What is summarized above outlines the modifications we made to Geth’s internals to establish our new pruner. As you can observe, numerous invariants have evolved, to such an extent that Geth now functions in a completely different manner compared to the previous Geth version. Transitioning from one model to the other is indeed impossible.to the other.
We certainly acknowledge that we cannot simply “stop working” because Geth has introduced a new data structure, hence Geth v1.13.0 has two operational modes (letâs discuss the burden of maintaining open-source software). Geth will continue to support the previous data structure (and it will remain the default for the time being), so your node won’t exhibit any “strange” behavior merely due to your Geth update. You can even compel Geth to remain with the old operational mode for the long term through –state.scheme=hash.
If you intend to transition to our new operational mode, however, you’ll have to resync the state (you may retain the ancient data if it’s of any value). This can be done manually or via geth removedb (when prompted, delete the state database, but retain the ancient database). Then, initiate Geth with –state.scheme=path. Currently, the path model is not the default option, but if a previous database exists, and no state scheme is explicitly specified on the command line interface, Geth will utilize whatever is present in the database. Our recommendation is to consistently indicate –state.scheme=path to ensure safety. If no severe issues are revealed in our path scheme implementation, Geth v1.14.x is likely to adopt it as the default format.

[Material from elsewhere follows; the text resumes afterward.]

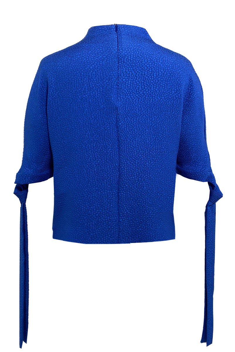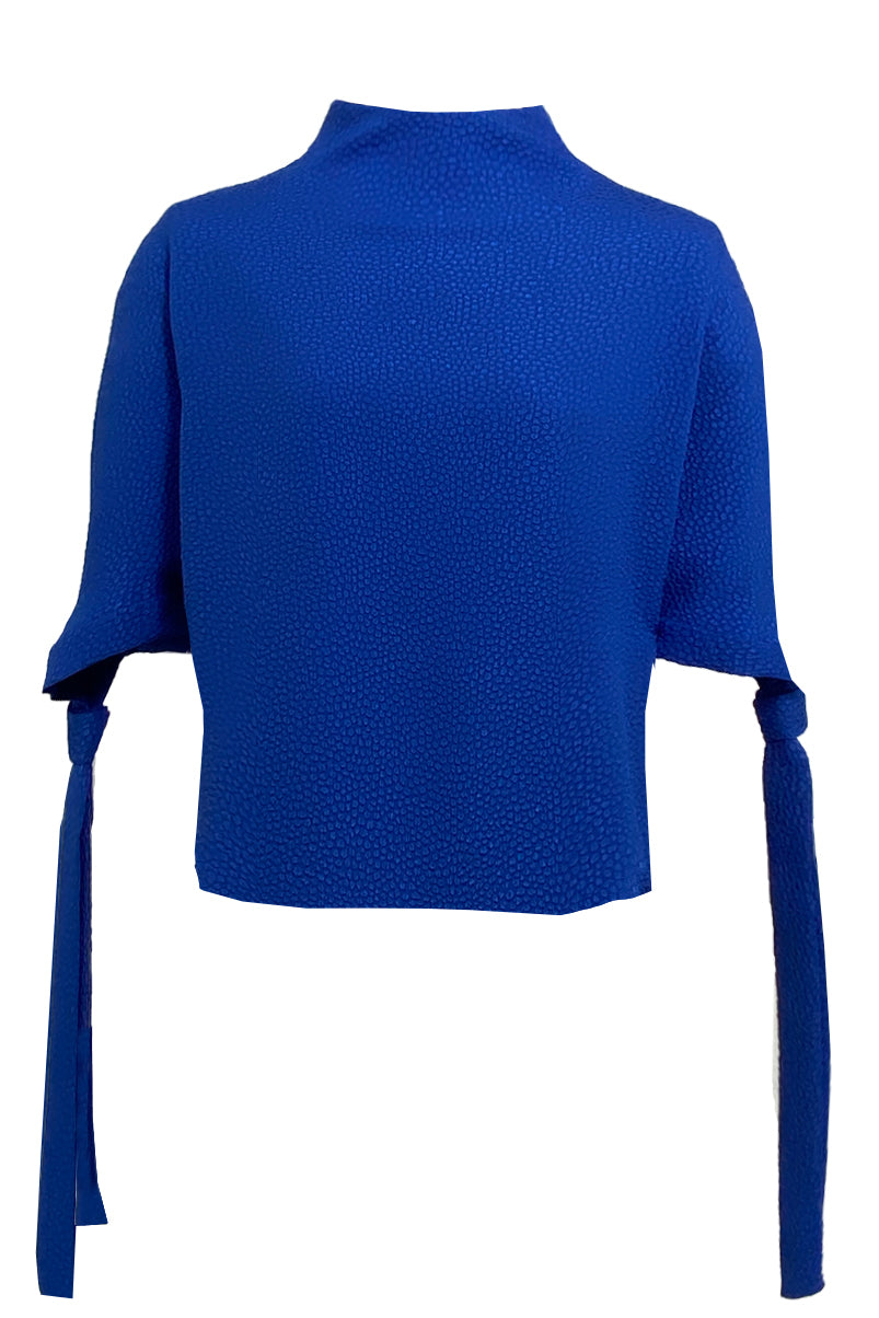 Elegant Top with High Neck and Tie Fastening at Sleeves

A few reminders to consider:
- If you are operating private Geth networks using geth init, you need to define –state.scheme during the initialization step too; otherwise, you will end up with an outdated style database.
- For operators of archive nodes, the new data structure will be compatible with archive nodes (and will deliver the same impressive database sizes as Erigon or Reth), though it requires additional development before it can be activated.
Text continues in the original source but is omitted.